* [Dataset section]:
◆ ◆ ◆ ◆ ◆ ◆ ◆

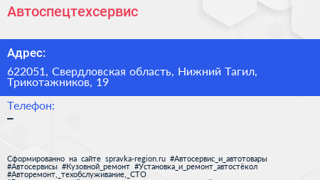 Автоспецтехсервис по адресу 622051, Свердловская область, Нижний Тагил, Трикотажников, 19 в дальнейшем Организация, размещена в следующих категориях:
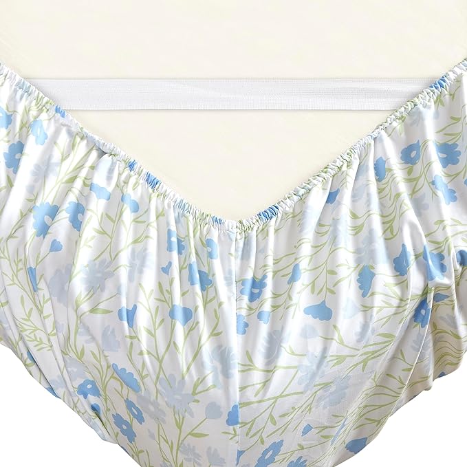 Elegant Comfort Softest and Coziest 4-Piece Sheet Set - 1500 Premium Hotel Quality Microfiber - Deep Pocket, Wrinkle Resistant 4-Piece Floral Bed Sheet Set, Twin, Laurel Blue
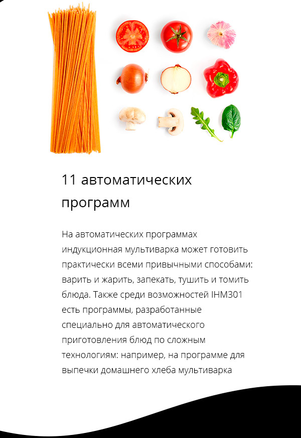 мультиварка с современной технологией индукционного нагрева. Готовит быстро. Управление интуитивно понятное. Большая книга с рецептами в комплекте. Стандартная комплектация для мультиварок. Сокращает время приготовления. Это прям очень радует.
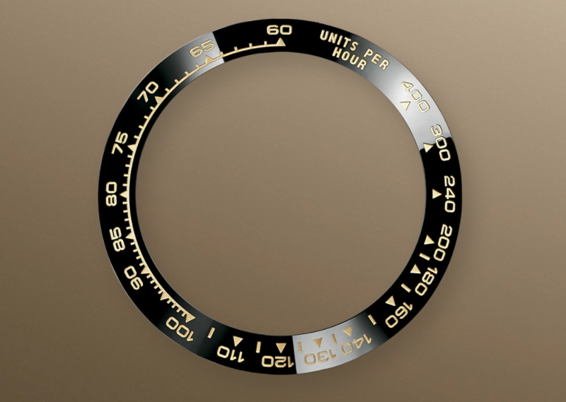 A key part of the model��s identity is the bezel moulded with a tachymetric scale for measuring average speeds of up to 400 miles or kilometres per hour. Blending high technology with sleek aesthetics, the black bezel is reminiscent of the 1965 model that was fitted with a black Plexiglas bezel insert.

◆ ◆ ◆ ◆ ◆ ◆ ◆

* [Work required]: Without including any pictures, reproduce the listing exactly.

* [Answer to the problem]:
 Автоспецтехсервис по адресу 622051, Свердловская область, Нижний Тагил, Трикотажников, 19 в дальнейшем Организация, размещена в следующих категориях:
 Elegant Comfort Softest and Coziest 4-Piece Sheet Set - 1500 Premium Hotel Quality Microfiber - Deep Pocket, Wrinkle Resistant 4-Piece Floral Bed Sheet Set, Twin, Laurel Blue
 мультиварка с современной технологией индукционного нагрева. Готовит быстро. Управление интуитивно понятное. Большая книга с рецептами в комплекте. Стандартная комплектация для мультиварок. Сокращает время приготовления. Это прям очень радует.
 A key part of the model��s identity is the bezel moulded with a tachymetric scale for measuring average speeds of up to 400 miles or kilometres per hour. Blending high technology with sleek aesthetics, the black bezel is reminiscent of the 1965 model that was fitted with a black Plexiglas bezel insert.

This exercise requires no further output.